PROVIDED DATA >>
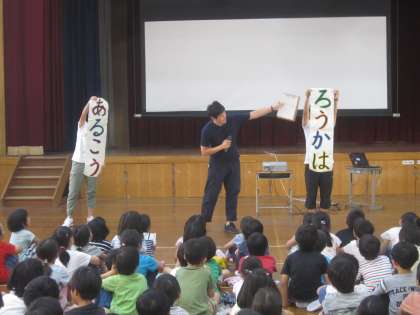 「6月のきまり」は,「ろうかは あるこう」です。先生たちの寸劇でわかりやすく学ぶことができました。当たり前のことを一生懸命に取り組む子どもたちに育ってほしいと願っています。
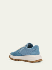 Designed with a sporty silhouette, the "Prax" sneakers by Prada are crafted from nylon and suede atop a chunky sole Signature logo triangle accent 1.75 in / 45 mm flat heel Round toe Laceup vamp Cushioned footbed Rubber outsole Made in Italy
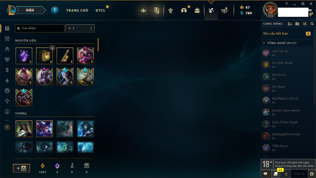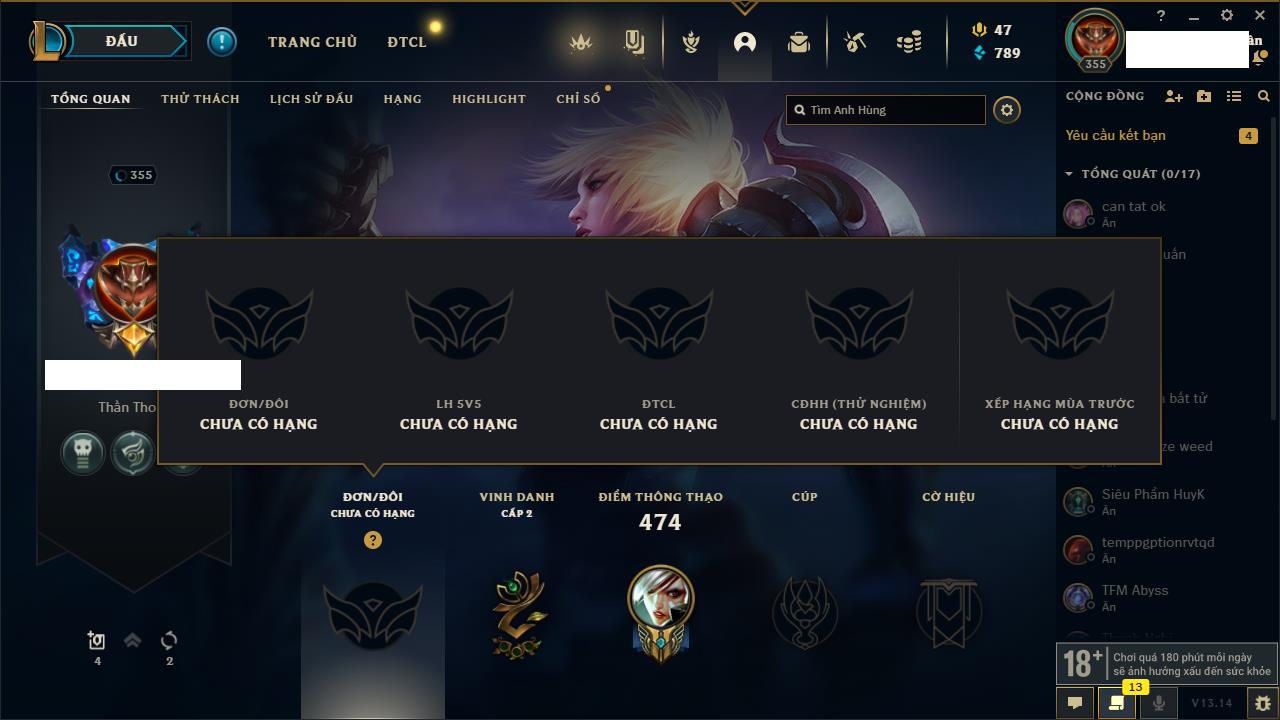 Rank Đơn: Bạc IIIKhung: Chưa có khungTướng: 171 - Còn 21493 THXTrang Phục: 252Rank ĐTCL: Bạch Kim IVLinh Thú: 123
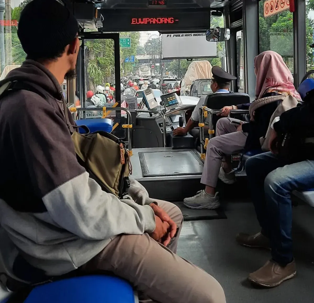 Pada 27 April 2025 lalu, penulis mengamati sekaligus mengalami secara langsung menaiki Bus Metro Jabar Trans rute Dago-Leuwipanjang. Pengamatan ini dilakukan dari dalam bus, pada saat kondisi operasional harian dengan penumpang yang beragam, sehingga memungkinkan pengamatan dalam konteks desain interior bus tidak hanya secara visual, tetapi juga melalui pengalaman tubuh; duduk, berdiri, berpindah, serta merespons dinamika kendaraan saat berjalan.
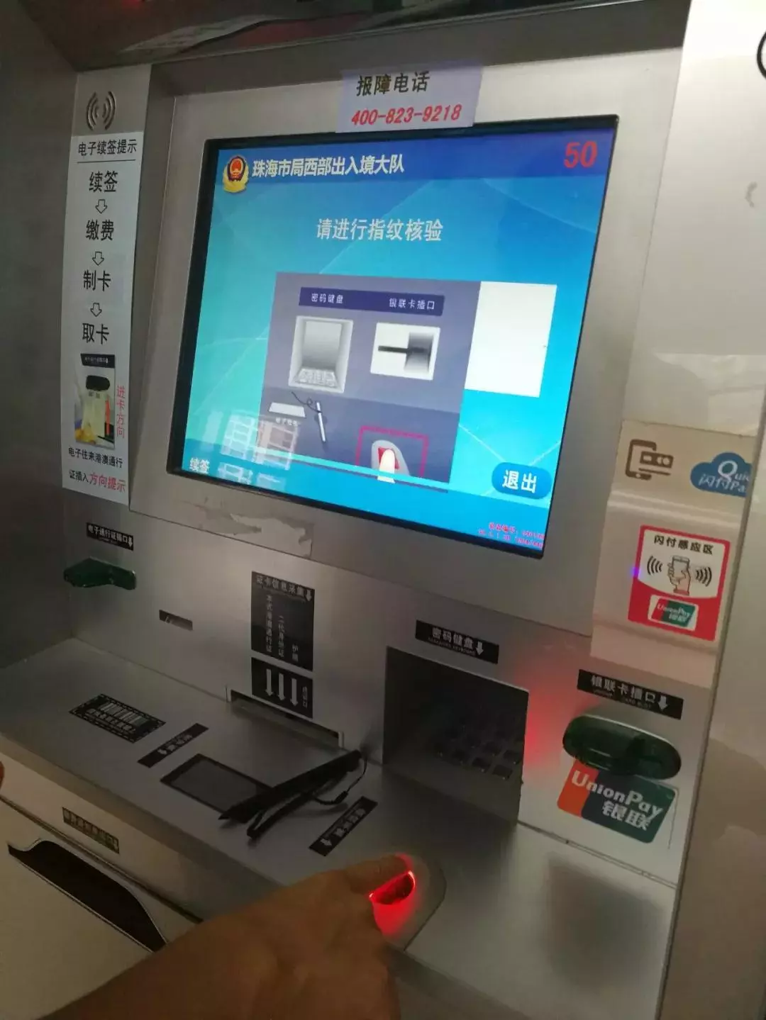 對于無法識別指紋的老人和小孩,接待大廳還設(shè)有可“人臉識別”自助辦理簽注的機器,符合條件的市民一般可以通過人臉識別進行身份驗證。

WORK TASK >> Please transcribe, word for word, every line from the first line of the records above through the line containing "Designed with a", and leave out any pictures.

SOLUTION >>
 「6月のきまり」は,「ろうかは あるこう」です。先生たちの寸劇でわかりやすく学ぶことができました。当たり前のことを一生懸命に取り組む子どもたちに育ってほしいと願っています。
 Designed with a sporty silhouette, the "Prax" sneakers by Prada are crafted from nylon and suede atop a chunky sole Signature logo triangle accent 1.75 in / 45 mm flat heel Round toe Laceup vamp Cushioned footbed Rubber outsole Made in Italy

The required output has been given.